- [WHAT YOU HAVE TO DO]
Will you write out the data exactly, excluding every picture?

- [Items from a data source]

◇ ◇ ◇ ◇

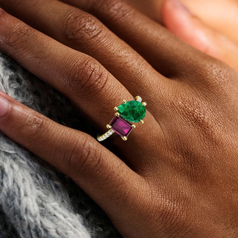 Contrasting stones gives a 2 stone duo ring a fashion-forward vibe. Crafted with Pear Emerald and Emerald Cut Rhodolite Garnet with 16 diamonds studded on the polished shoulders of the stunning ring for enhanced beauty.
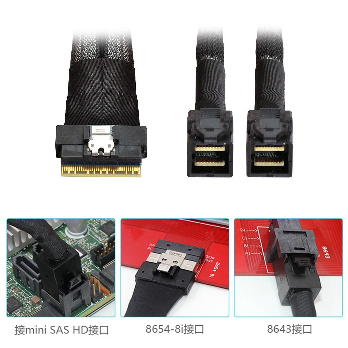 SFF-8654 8i 74P对双SFF-8643连接线 内置Slimline SAS4.0 - nvme旗舰店
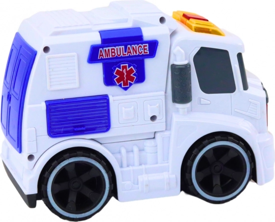 Ambulancen afspiller sirene- og motorlyde og blinker som et ægte udrykningskøretøj – perfekt til spændende leg.
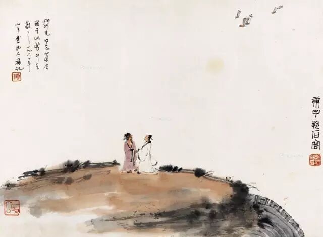 傅抱石 1960年作 江干清话图 镜心 设色纸本
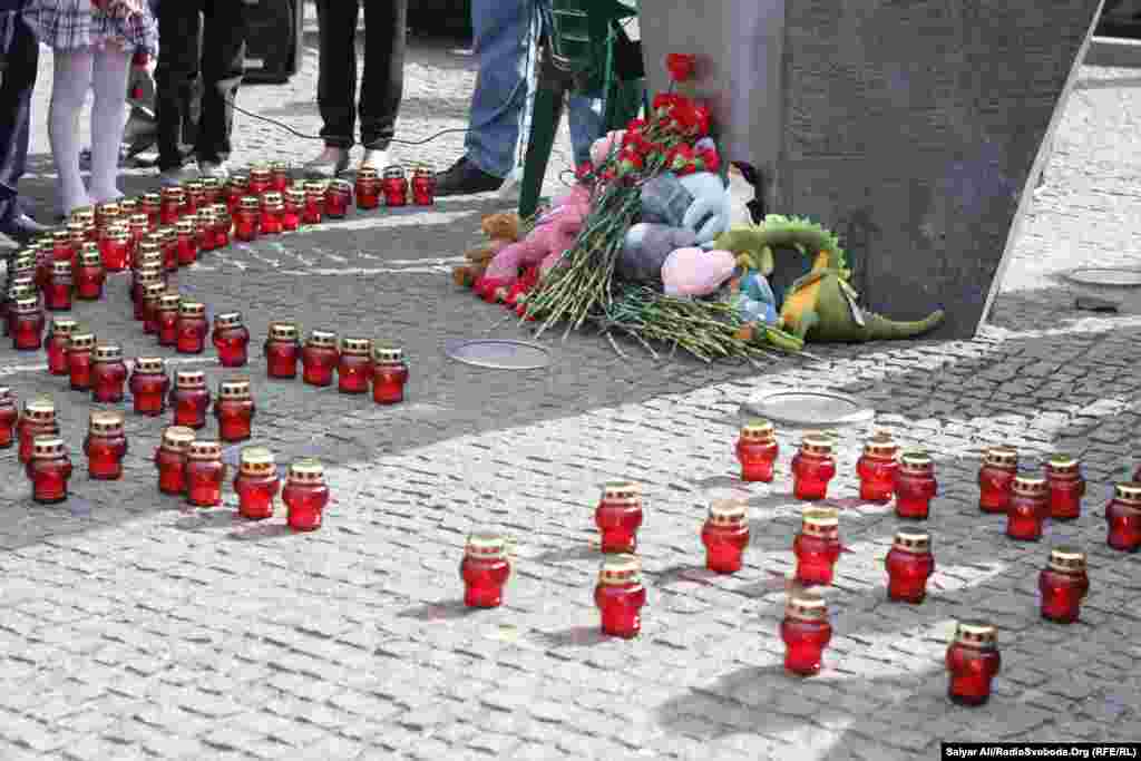 У Києві біли пам'ятника жертвам тероризму діти запалили лампадки, поклали квіти та випустили голубів, щоб вони принесли мир на нашу землю. Цього дня виповнилось 13 років від терористичного акту в США 11 вересня 2001 року.

◇ ◇ ◇ ◇

- [SOLUTION FOR THIS EXERCISE]
 Contrasting stones gives a 2 stone duo ring a fashion-forward vibe. Crafted with Pear Emerald and Emerald Cut Rhodolite Garnet with 16 diamonds studded on the polished shoulders of the stunning ring for enhanced beauty.
 SFF-8654 8i 74P对双SFF-8643连接线 内置Slimline SAS4.0 - nvme旗舰店
 Ambulancen afspiller sirene- og motorlyde og blinker som et ægte udrykningskøretøj – perfekt til spændende leg.
 傅抱石 1960年作 江干清话图 镜心 设色纸本
 У Києві біли пам'ятника жертвам тероризму діти запалили лампадки, поклали квіти та випустили голубів, щоб вони принесли мир на нашу землю. Цього дня виповнилось 13 років від терористичного акту в США 11 вересня 2001 року.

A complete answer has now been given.